When it comes to potential liability to multiemployer pension plans, employers should proceed with extreme caution. Here are some considerations for an employer contemplating signing a CBA with a local trade union:
- The CBA will likely not refer to withdrawal liability and the union is under no legal obligation to disclose this potential liability to you prior to signing the CBA. This is because withdrawal liability is a product of statute, not the agreement.
- Does the CBA require contributions to be made to one or more defined benefit pension plan(s)?
- If so, what is the funding status of the pension plans for which you would be obligated to contribute to under the CBA? Under federal law, these pension plans are required to prepare an annual funding notice. Ask for a copy of the funding notice.
- The funding status of the more severely underfunded plans can be found on the DOL’s website.

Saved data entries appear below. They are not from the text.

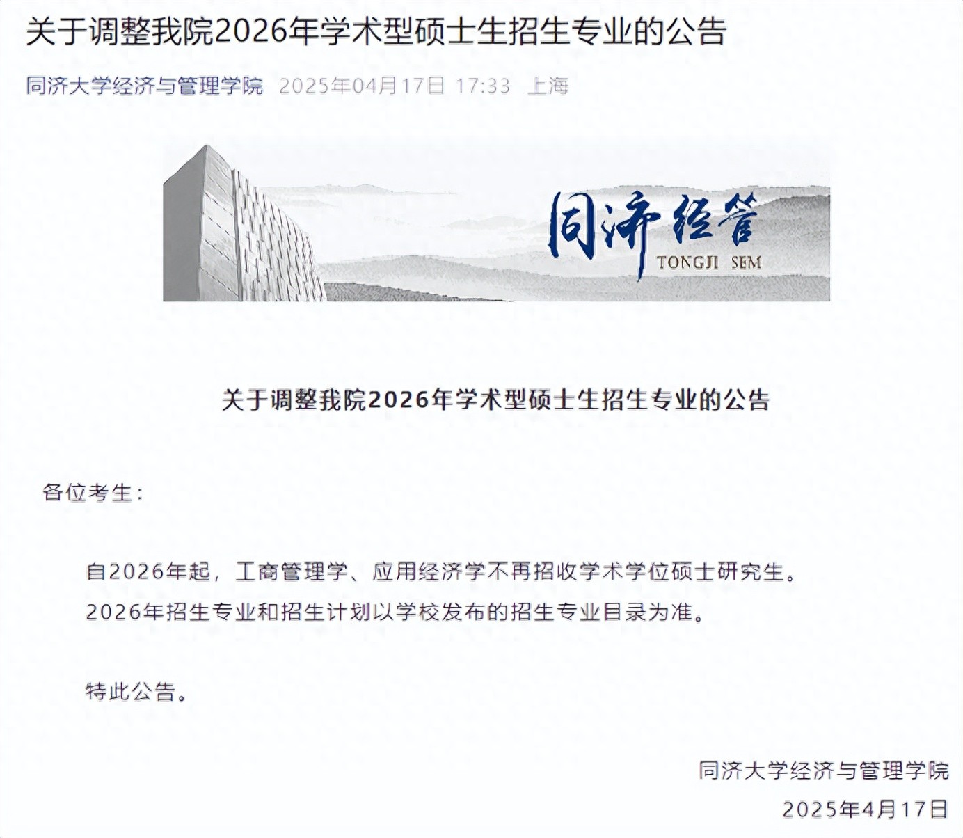 日前,同济大学经济与管理学院发布《关于调整我院2026年学术型硕士生招生专业的公告》,自2026年起,工商管理学、应用经济学不再招收学术学位硕士研究生。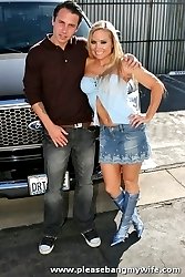 Sexy big tit wife gets on her knees to suck a massive new dick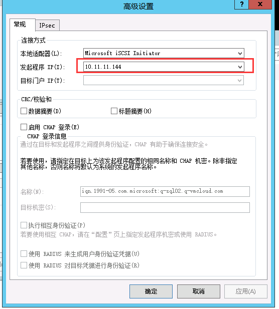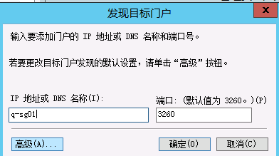 输入目标名称(即接受端,仲裁盘与数据盘可以使用同一个 iscsi 目标):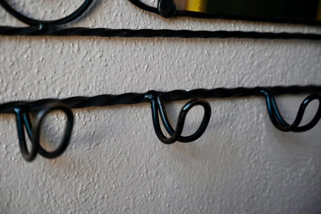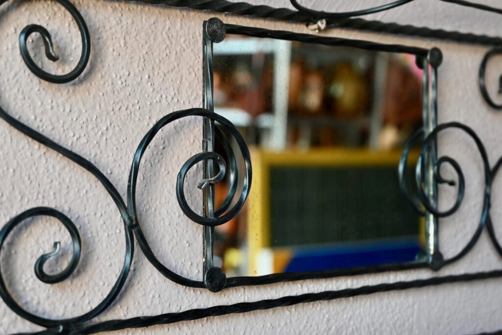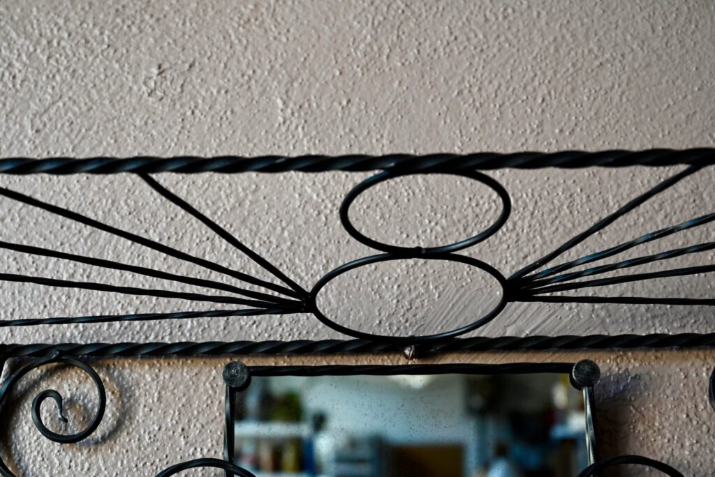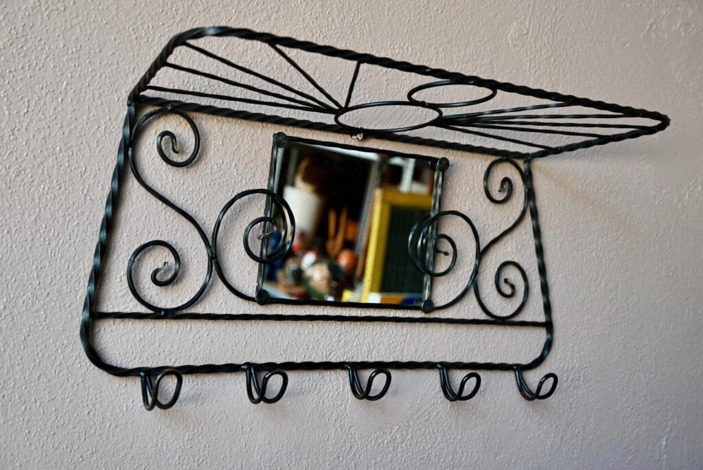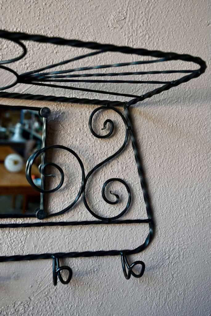 Voilà une pièce de déco murale midcentury comme on aime! 5 crochets, un miroir et un porte-chapeaux, il ne manque rien à ce porte-manteaux des années 50. Et comme s’il fallait encore nous convaincre, les détails du fer forgé sont plutôt délicats et originaux. Prêt à faire décoller l’ambiance de votre entrée?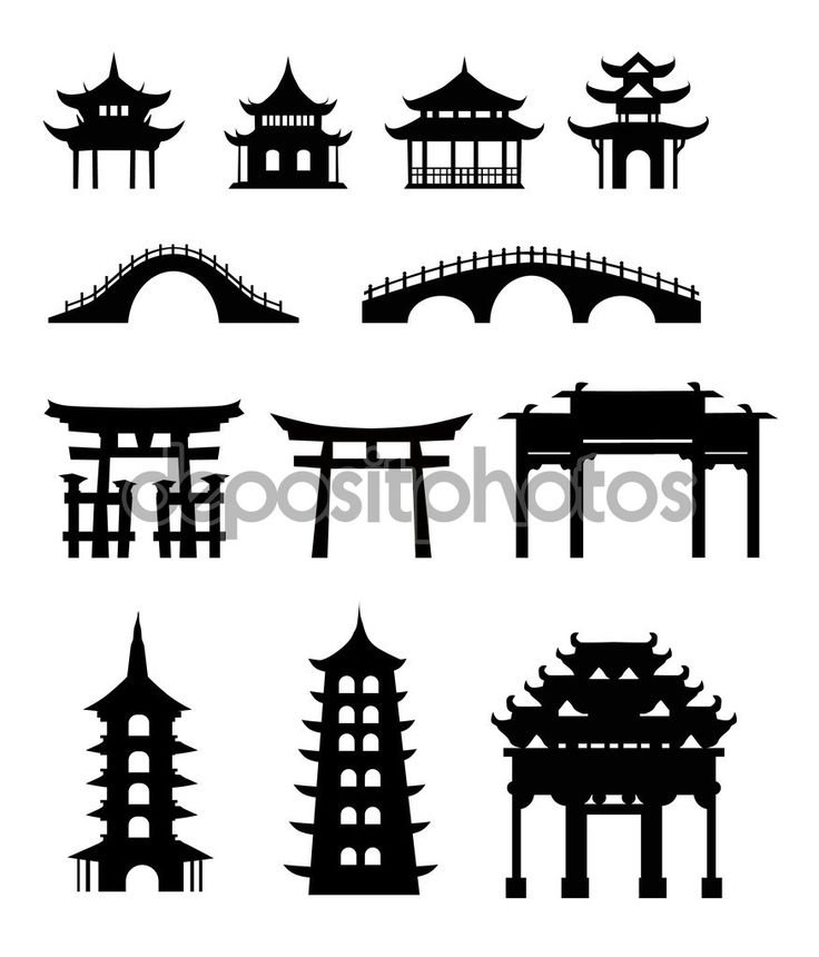![Японские пагоды контур]()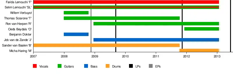 | Past members | Farida "F. The Mouth of Satan" Lemouchi Selim "SL" Lemouchi Sander 'B' van Baalen Thomas 'T' Sciarone Benjamin 'Jimmy Blitzer' Dokter Willem 'Will Power' Verbuyst Job 'J' van de Zande Ron 'R' van Herpen Micha 'M' Haring Oeds 'O' Beydals |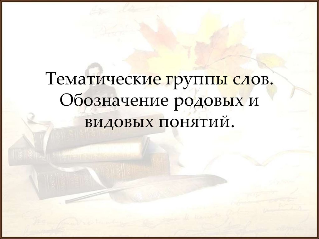 1. Тематические группы слов. Обозначение родовых и видовых понятий.
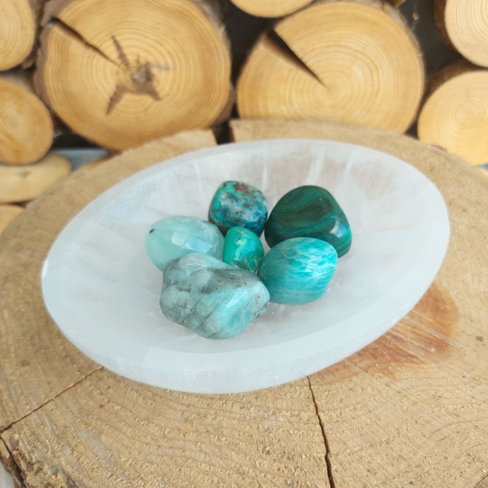 Du kannst natürlich auch deine Trommelsteine oder Handsteine in deine große Selenit Schüssel für ein paar Stunden zum Reinigen und Aufladen legen.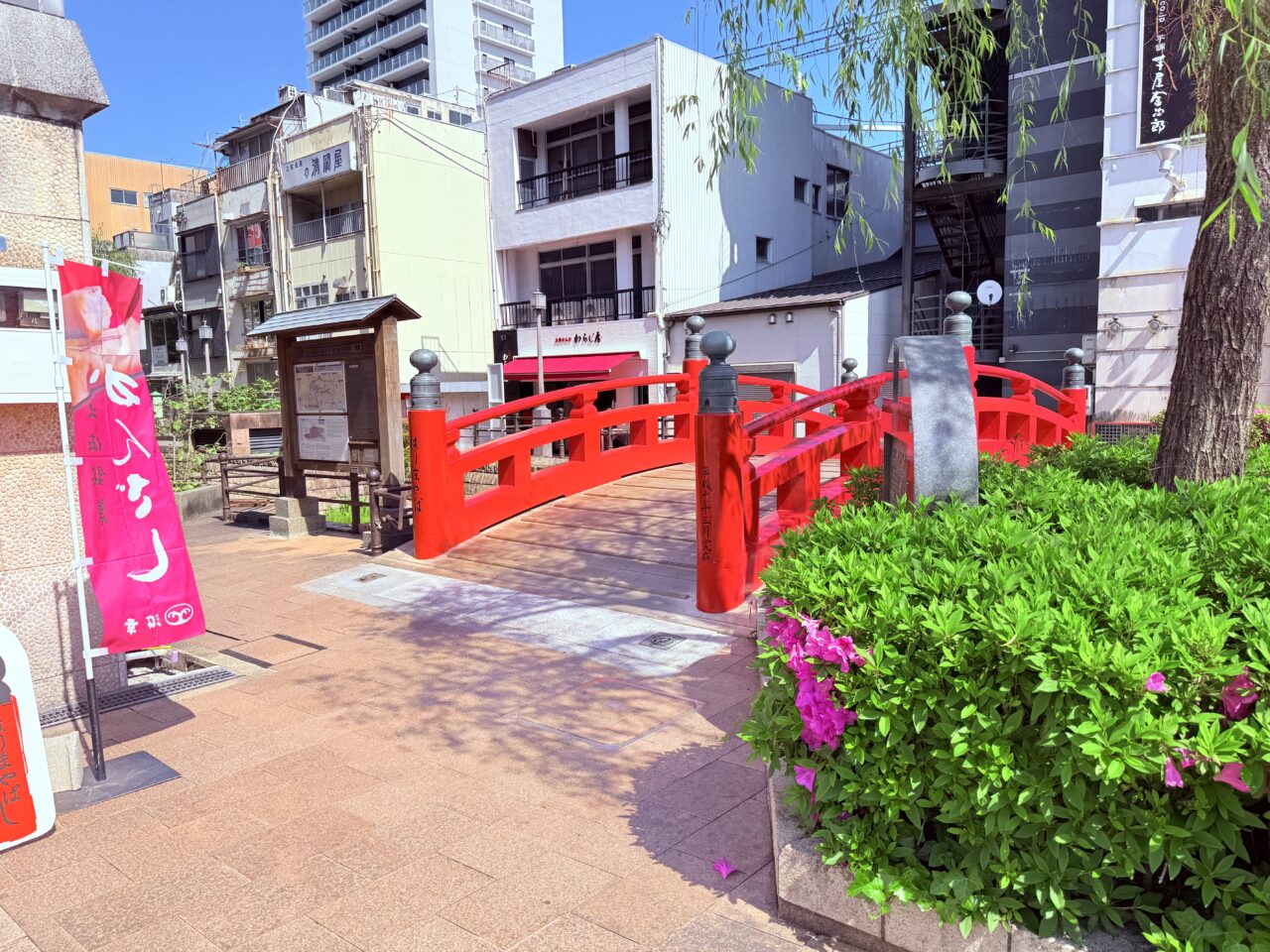 まずはアンパンマン像のすぐそばにある朱塗りが美しい「はりまや橋」。江戸時代に堀川を挟んで商売を行っていた播磨屋と櫃屋が、互いの往来のために設けた私橋が起源とされています。「思っていたよりも小さい!」とがっかりされることから、「日本三大がっかり名所」にも数えられています。

- Does the plan provide for a free look period? Under ERISA’s free look rule, you might qualify for a limited exception to withdrawal lability. This rule is complicated and only applies if the plan has been amended to permit the free look rule. Ask for a copy of the plan document.
- Will the union provide any indemnification for withdrawal liability? Some unions are willing to accept liability (with substantial limitations) to make union affiliation less risky for employers.
Further, simply refusing to the sign the CBA and hiring union employees is not a good strategy to avoid withdrawal liability. An employer that conducts itself as if it had signed a CBA (e.g. paying wages under the negotiated wage scale and making fringe benefit payments to the union’s employee benefit plans) is likely subject to the terms of the CBA. For example, an employer that hires union labor (participating in a multiemployer pension plan) may unknowingly create an obligation to make contributions to that pension plan and the cessation of such an obligation may trigger an assessment of withdrawal liability. It’s an expensive one-two punch, first the pension plan may file a collection action in federal district court to collect contributions for all covered work performed and then the plan may issue an assessment of withdrawal liability. This combination could prove to be a TKO for some employers.
These are just a few of the issues to consider when evaluating whether signing a CBA is the best option for your business. Given the complexities of these agreements and the law governing the relationship, it is highly recommended that you seek qualified counsel to assist you in making an informed decision on whether to sign a CBA or hire union labor.